==== Exercise data
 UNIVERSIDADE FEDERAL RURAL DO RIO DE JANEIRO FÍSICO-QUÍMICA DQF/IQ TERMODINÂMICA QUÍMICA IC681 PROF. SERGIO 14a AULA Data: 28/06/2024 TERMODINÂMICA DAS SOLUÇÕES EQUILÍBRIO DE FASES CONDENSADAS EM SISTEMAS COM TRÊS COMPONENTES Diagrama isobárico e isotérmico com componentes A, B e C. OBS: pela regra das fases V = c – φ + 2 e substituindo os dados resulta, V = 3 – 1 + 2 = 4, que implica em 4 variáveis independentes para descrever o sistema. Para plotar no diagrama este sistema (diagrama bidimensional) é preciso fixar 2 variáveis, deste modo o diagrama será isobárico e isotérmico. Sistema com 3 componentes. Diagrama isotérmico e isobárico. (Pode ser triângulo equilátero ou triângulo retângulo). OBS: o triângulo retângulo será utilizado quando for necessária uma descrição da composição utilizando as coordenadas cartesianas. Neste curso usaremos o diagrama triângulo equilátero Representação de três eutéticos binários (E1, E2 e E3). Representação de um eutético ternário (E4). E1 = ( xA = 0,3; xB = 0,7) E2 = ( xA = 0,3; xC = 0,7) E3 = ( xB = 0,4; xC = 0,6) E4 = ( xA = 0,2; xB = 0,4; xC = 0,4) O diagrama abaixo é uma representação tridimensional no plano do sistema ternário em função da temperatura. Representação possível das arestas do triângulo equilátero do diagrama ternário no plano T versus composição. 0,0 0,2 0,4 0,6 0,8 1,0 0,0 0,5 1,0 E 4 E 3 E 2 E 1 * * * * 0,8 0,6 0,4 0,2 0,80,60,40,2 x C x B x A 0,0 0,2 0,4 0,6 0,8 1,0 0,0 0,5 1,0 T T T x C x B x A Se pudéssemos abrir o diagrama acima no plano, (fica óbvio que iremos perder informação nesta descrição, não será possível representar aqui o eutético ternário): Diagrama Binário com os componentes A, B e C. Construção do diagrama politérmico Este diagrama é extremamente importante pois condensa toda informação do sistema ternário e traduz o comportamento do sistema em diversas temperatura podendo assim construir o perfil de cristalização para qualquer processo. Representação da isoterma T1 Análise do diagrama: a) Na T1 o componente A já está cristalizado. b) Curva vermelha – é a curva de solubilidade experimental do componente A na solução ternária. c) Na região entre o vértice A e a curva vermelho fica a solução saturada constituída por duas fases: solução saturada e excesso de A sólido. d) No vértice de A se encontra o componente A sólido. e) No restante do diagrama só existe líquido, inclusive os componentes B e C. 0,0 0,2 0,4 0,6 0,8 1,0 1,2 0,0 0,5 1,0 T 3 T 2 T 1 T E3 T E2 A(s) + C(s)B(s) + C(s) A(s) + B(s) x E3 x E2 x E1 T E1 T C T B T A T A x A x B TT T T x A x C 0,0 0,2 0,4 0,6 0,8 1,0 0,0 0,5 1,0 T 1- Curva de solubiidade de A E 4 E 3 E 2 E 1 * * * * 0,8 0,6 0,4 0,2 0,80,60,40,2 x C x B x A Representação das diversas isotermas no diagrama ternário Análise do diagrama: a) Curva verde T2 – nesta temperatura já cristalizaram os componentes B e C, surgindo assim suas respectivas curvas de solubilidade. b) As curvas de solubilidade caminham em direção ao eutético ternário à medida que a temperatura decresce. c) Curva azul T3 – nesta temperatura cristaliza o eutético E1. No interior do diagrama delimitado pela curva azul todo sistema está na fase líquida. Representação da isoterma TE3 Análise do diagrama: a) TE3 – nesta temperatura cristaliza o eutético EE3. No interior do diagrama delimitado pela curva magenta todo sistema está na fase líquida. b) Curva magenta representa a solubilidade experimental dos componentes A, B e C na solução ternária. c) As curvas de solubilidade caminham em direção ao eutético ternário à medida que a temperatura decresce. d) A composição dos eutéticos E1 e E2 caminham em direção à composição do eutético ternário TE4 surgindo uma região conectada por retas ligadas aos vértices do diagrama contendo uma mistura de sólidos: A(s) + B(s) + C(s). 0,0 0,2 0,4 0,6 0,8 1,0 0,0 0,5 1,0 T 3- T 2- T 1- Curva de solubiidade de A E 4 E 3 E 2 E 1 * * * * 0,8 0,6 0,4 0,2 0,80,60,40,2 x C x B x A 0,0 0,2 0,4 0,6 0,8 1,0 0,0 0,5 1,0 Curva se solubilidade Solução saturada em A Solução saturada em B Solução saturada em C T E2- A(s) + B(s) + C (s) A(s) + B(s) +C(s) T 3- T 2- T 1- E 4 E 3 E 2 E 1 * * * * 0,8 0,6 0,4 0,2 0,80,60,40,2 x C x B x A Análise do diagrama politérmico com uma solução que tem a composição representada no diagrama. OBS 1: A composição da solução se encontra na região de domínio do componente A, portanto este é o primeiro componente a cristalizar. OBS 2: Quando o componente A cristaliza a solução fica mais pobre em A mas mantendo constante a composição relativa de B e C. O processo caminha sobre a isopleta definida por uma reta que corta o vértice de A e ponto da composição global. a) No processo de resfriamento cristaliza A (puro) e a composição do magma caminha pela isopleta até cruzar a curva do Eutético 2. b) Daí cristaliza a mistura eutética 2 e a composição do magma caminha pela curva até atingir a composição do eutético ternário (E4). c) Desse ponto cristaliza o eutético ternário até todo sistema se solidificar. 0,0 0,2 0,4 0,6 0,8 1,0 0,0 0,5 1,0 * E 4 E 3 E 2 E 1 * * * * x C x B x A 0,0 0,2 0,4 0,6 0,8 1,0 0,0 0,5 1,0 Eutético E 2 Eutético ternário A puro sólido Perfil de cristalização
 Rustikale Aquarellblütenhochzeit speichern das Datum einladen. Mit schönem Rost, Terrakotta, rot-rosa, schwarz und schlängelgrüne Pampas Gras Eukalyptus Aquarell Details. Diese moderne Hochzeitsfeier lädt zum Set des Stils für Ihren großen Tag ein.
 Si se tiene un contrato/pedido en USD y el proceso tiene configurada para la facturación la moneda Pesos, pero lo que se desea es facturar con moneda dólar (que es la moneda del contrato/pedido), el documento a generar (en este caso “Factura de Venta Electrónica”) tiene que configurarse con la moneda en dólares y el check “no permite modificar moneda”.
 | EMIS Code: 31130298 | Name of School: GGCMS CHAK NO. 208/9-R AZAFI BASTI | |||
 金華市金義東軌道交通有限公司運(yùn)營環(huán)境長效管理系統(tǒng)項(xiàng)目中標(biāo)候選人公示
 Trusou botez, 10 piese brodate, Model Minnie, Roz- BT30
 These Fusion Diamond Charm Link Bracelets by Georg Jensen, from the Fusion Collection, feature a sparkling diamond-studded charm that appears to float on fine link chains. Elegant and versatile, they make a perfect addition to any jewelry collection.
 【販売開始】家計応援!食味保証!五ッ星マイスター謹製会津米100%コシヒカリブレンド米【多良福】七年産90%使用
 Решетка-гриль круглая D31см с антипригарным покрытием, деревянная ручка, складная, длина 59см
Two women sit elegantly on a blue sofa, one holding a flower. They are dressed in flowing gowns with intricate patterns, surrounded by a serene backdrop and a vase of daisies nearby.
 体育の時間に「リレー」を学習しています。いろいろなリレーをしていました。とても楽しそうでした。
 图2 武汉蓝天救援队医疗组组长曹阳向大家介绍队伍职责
========
#### What to do
From the records above, print only the lines between the one holding "Trusou botez, 10" and the one holding "Решетка-гриль круглая D31см", inclusive, exactly as they stand.

#### Task answer
 Trusou botez, 10 piese brodate, Model Minnie, Roz- BT30
 These Fusion Diamond Charm Link Bracelets by Georg Jensen, from the Fusion Collection, feature a sparkling diamond-studded charm that appears to float on fine link chains. Elegant and versatile, they make a perfect addition to any jewelry collection.
 【販売開始】家計応援!食味保証!五ッ星マイスター謹製会津米100%コシヒカリブレンド米【多良福】七年産90%使用
 Решетка-гриль круглая D31см с антипригарным покрытием, деревянная ручка, складная, длина 59см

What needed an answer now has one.